Security Tip: Be Careful Of Transliteration

[Tip#15] Because we don't already have enough to worry about, without also needing to factor in other characters and emoji too...

Transliteration is the method of converting text from one set of characters to another, in a predictable way. Usually with the goal of maintaining readability1 in the resulting string while adding decorations2, or tricking readers into thinking the resulting string is the original string3.

For example:

One Ring to rule them all

Can be represented as:

Ⓞⓝⓔ Ⓡⓘⓝⓖ ⓣⓞ ⓡⓤⓛⓔ ⓣⓗⓔⓜ ⓐⓛⓛ

While this can look cool, there is a problem with it…

It turns out that MySQL automatically translates transliteration characters back into their originals when it performs a query. So if you performed a search for "Ⓕⓡⓞⓓⓞ", it would actually search for "Frodo".

I honestly had no idea this was a thing, so I tested this on our SQLi demo and it works!

Searching for "Ⓕⓡⓞⓓⓞ" matches "Frodo".

The fix for this is fairly trivial: transliterate the string back to a basic character set first. The PHP will then see the same thing as MySQL, allowing the rate limiter to properly catch it.

A PR was merged into Laravel 8, which added the Str::transliterate() helper, that you can use in situations where this is a problem to translate the characters back to their originals:

>>> Str::transliterate("Ⓕⓡⓞⓓⓞ");
=> "Frodo"

(Internally it uses the Portable ASCII package to perform the translations.)

So you’re probably thinking: “This is a cool exploit, but why do we need to know about it?”.

This is a clever bypass method that allows you to evade things like rate limiting, blocklists, content restrictions, and existence checks, as well as trick victims into miss-reading a string by using similar shaped characters.

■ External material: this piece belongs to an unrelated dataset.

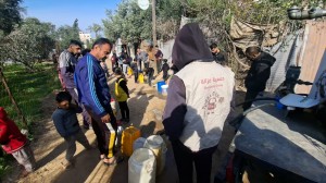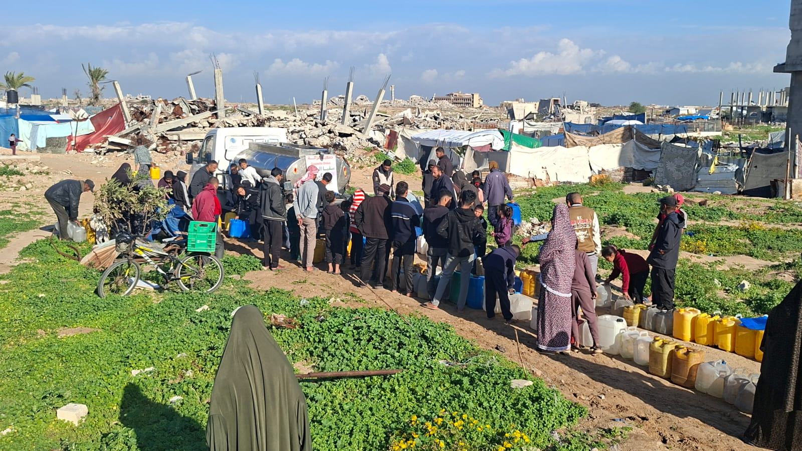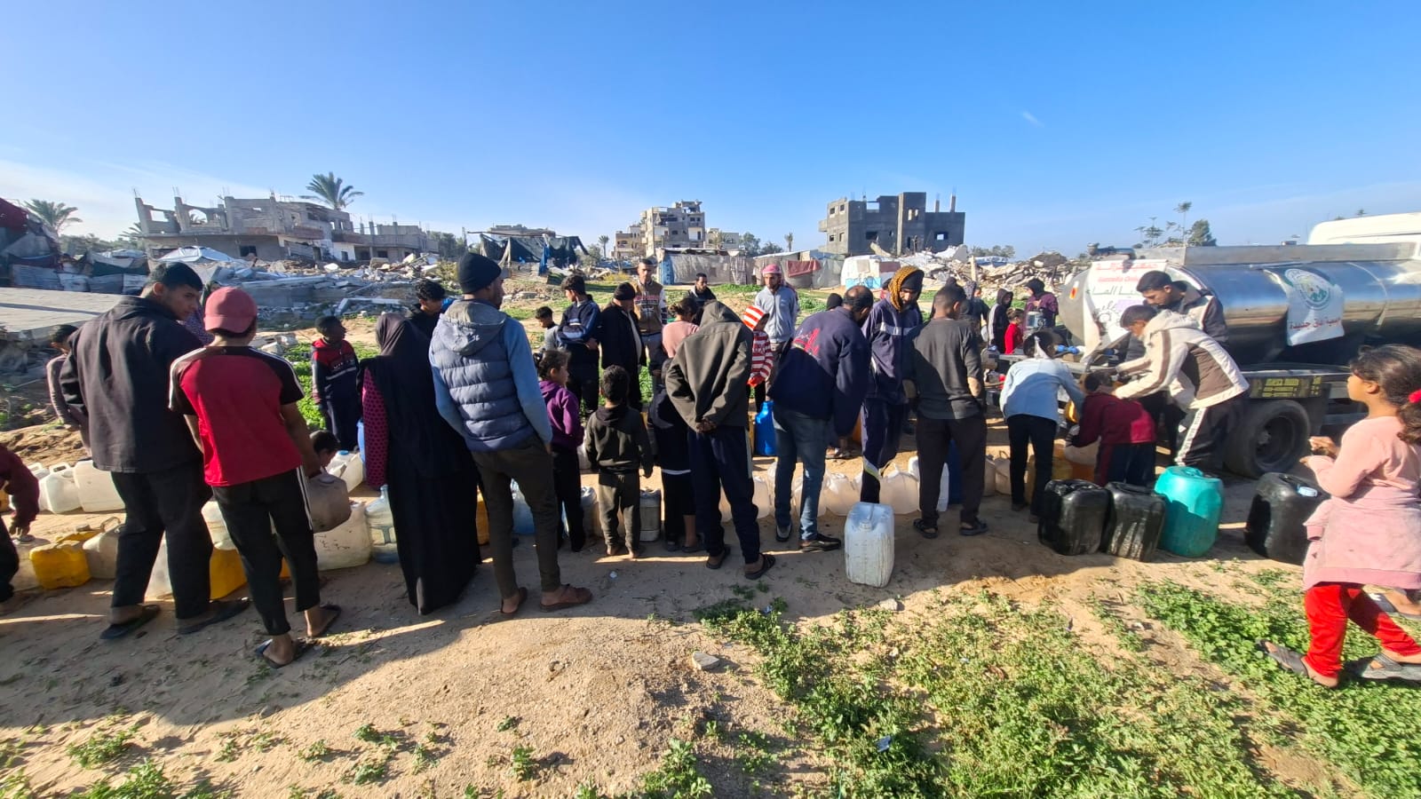 Giovedì I/1/26 abbiamo distribuito 11.000 litri d’acqua potabile di cui 3.500 nella località di Abu Ghouleh, 3,500 nella zona di Abu Muhadi e 4.000 al punto didistribuzione davanti alla sede dell’associazione Afaq.

Think about it, do you have anything like that in your apps where PHP performs a check against a string and the value is then passed into a MySQL query? Or where user-inputted strings are displayed to other users?

Even ignoring the MySQL automatic behaviour that makes the exploit work, there are many cases where you’d want to swap out special characters in your apps. Content moderation comes to mind immediately!

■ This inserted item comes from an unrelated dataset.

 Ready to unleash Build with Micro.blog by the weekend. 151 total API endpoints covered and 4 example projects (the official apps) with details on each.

So keep Str::transliterate() in mind when you’re handling user input, and check things like rate limiting to ensure you’re not vulnerable.

  1. It’s important to note that “readability” usually doesn’t extend to blind and vision impaired people, in many cases due to the characters being less clear or screen readers being unable to translate.

  2. Very common on Twitter in display names.

  3. It’s common to generate phishing links and other scams with URLs that feature alternate characters that are easily confused.